The Coach Road is an unsurfaced lane which runs from Wakefield Road just above St. Matthew’s Church at Lightcliffe to Hove Edge but originally it was part of the main highway linking Brighouse and Queensbury. Prior to the 1860s, it was also the principle access to the Crow Nest Estate, today a golf course but which was once the site of a substantial mansion constructed in 1775 by William Walker (who also owned High Sunderland for a time) and later owned by local mill tycoon Sir Titus Salt of Saltaire fame between 1867 and 1876. The house was abandoned after the First World War and ultimately demolished in the mid-1950s. However, the original gateposts to the house can still be seen beside the track.

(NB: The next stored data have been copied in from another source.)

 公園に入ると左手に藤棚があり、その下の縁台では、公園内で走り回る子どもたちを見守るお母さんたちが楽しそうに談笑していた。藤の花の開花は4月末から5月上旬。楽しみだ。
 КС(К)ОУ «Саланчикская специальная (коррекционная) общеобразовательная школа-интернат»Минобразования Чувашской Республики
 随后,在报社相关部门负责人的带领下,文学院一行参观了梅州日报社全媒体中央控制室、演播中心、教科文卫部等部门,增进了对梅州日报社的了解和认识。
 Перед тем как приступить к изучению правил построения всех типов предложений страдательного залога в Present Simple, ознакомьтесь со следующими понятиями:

Today the Coach Road is a rather lonely thoroughfare, bounded on both sides by high walls and dense foliage, especially as it descends towards the bottom of Cliffe Hill. Given its antiquity and atmosphere, it is hardly surprising that it has attracted a reputation for being haunted. The exact nature of the haunting is vague and there are no real stories attached. An article in the Brighouse Echo dated 3rd October 1986 refers to “a headless horseman and… a mysterious white lady, who both only appear while clear weather prevails after midnight”. This is the only reference to these ghosts in print but the headless horseman connection was certainly still present in the oral tradition amongst local children in the late 1990s.

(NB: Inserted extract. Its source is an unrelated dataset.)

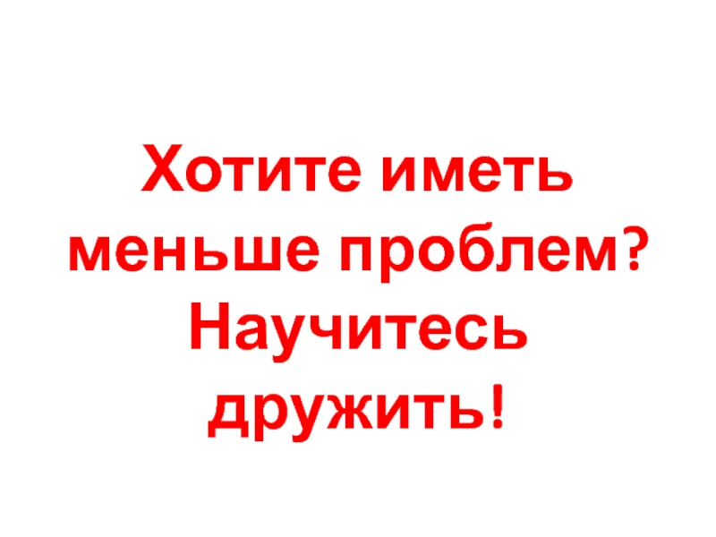 Слайд 3Хотите иметь меньше проблем? Научитесь дружить!
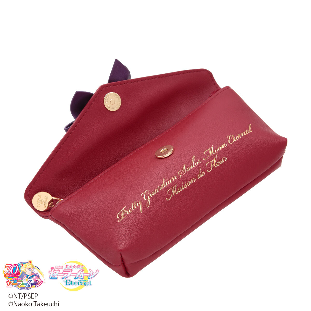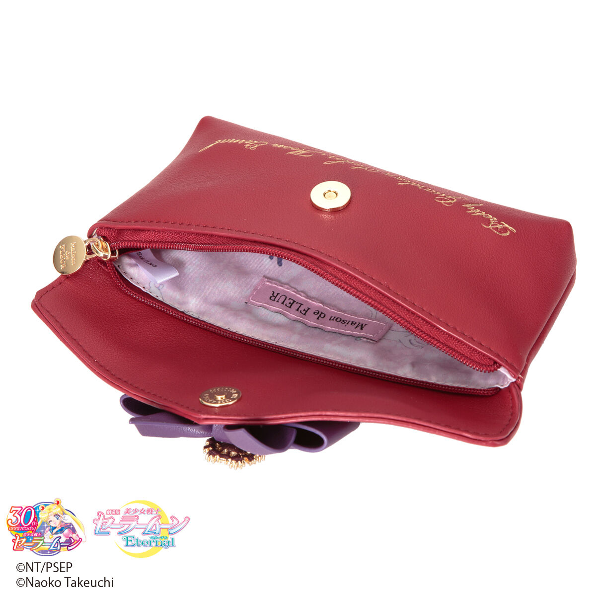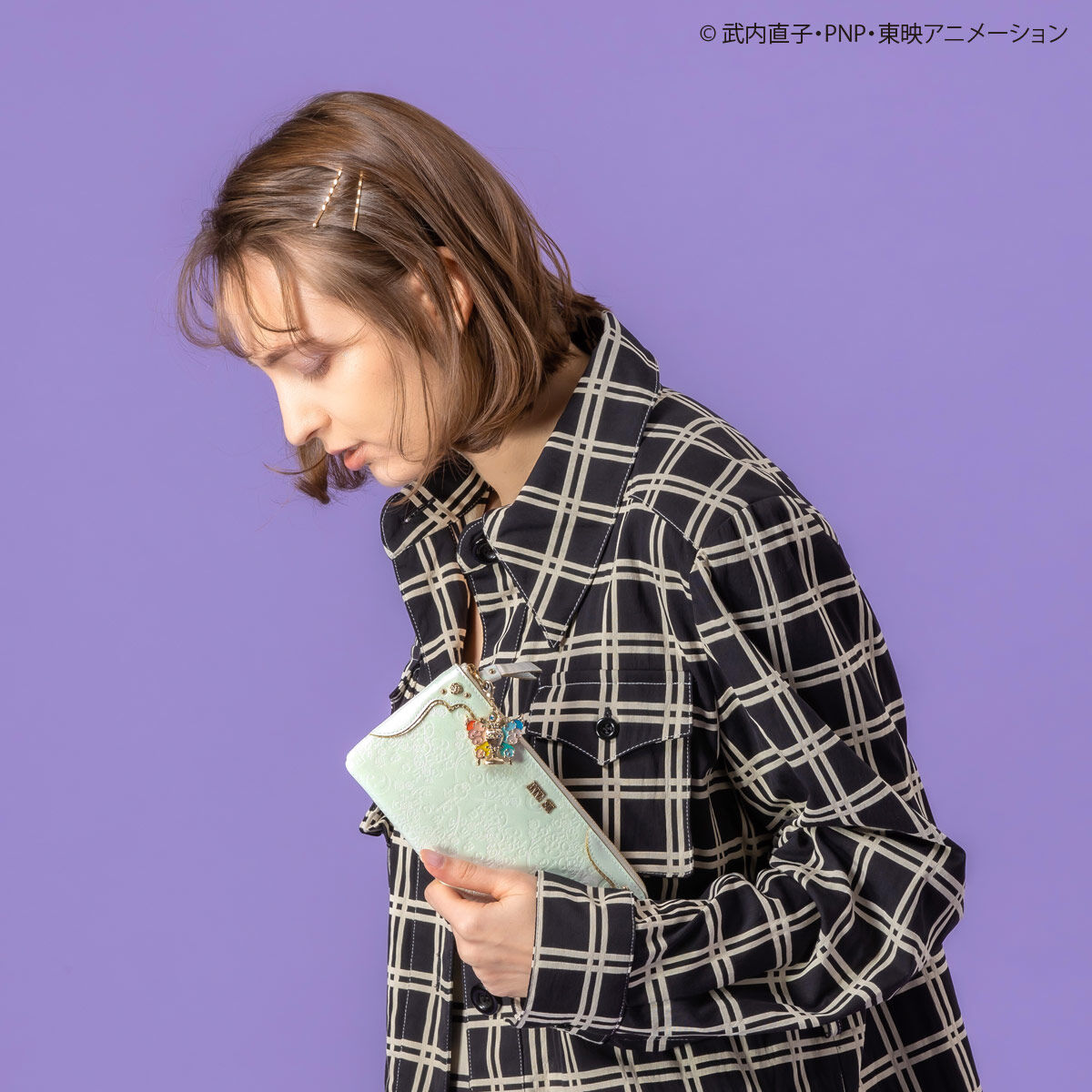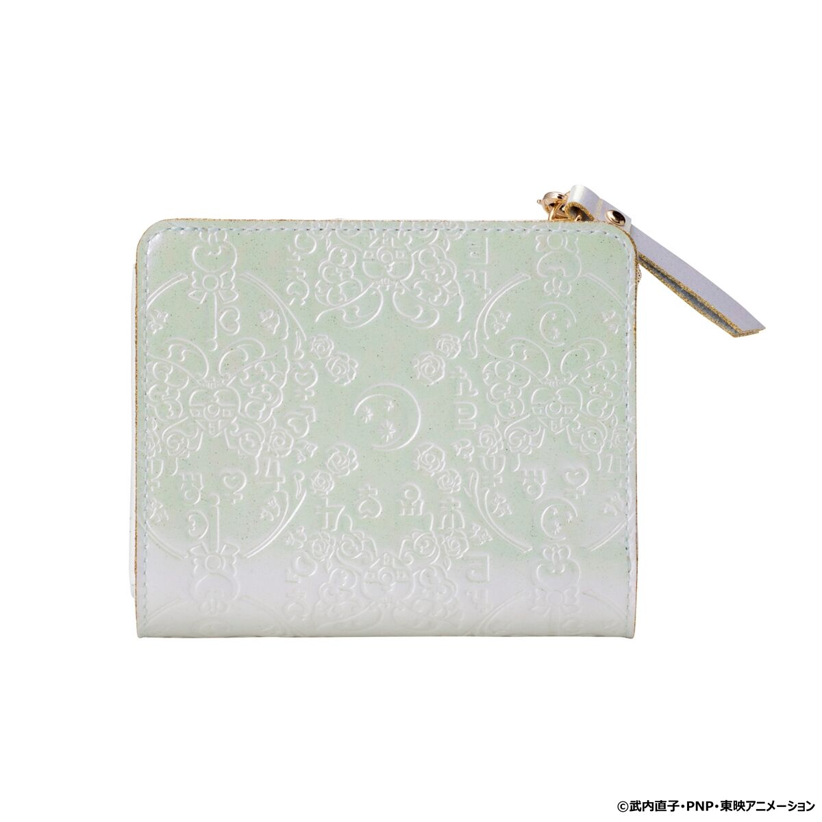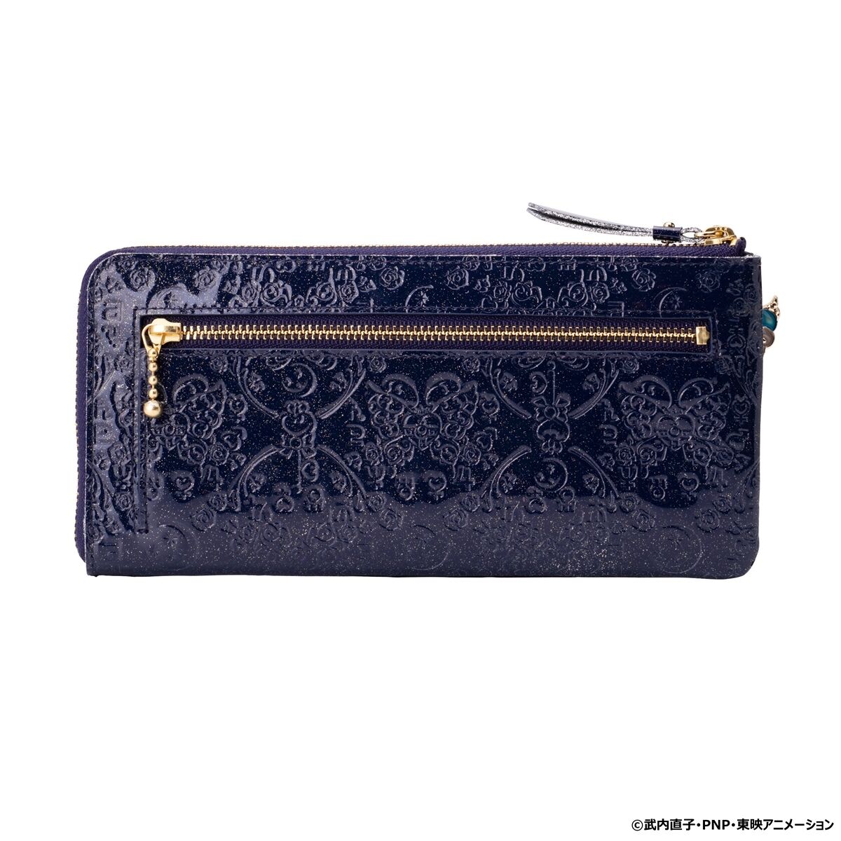 skóry; z wytłoczeniami; w środku przegródki na karty; przy ekspresie zawieszka z Rainbow Moon Chalice ze skrzydłami motyla; wymiary to 20 x 9,5 cm; 25 300 jenów za sztukę (ok. 865 zł).

Meanwhile, a former resident of the area, David Van De Gevel recalls walking home one night in the summer of 1962 or 1963 from Hipperholme to his house on the Stoney Lane estate, a journey which passes the junction of Wakefield Road with the Coach Road. As he neared the old gateposts at the entrance, he observed a faint, unearthly figure garbed in an old-fashioned cloak and hood staring directly at an adjacent high wall. Unnerved by the apparition, he departed from the scene in haste but returned some days later to verify that his sighting could not just have been a trick of the light. However, it was clear that no light fell near that spot, whilst he later discovered that in the Victorian period, the adjacent wall would have been much lower and anybody on the Coach Road could’ve looked out over it.

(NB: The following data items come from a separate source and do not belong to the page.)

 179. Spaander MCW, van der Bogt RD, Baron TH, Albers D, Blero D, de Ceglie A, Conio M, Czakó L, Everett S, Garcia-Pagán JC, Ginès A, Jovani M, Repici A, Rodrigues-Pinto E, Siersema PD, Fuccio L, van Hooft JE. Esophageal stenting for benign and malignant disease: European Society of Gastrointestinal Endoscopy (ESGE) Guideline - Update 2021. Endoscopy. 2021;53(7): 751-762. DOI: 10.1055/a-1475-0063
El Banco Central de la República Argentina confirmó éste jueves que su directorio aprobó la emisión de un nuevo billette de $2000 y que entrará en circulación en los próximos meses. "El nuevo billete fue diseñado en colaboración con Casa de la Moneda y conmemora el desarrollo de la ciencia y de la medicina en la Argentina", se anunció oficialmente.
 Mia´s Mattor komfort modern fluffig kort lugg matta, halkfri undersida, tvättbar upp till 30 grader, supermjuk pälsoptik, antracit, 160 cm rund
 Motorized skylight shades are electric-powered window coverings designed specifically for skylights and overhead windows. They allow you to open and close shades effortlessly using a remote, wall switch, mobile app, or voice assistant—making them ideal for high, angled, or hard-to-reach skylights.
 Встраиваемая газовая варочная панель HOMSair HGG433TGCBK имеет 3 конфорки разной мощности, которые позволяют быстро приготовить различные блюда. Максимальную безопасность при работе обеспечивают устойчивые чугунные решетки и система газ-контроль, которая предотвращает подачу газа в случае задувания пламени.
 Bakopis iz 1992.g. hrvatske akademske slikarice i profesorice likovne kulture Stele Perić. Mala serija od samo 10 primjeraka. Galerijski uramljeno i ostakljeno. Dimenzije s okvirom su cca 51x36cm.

Headless horsemen and white ladies are both common motifs in English ghost lore but also enigmatic ones. As Owen Davies points out in “The Haunted: A Social History of Ghosts”, the reason for the horseman’s missing head is often obscure and despite their ubiquity in local tradition, accounts of first-hand sightings are rare and they exist mostly as legend only. White Ladies, meanwhile, similarly tend to lack any concrete historical association or back-story. Some folklorists have suggested that based on the concentration of these apparitions at liminal zones such as watery places and connecting highways, they may represent a degraded memory of fairy lore, itself a degraded memory of pre-Christian deities. Doubtless this is fanciful in the case of the Coach Road White Lady herself but it may be how the image originally entered the popular consciousness.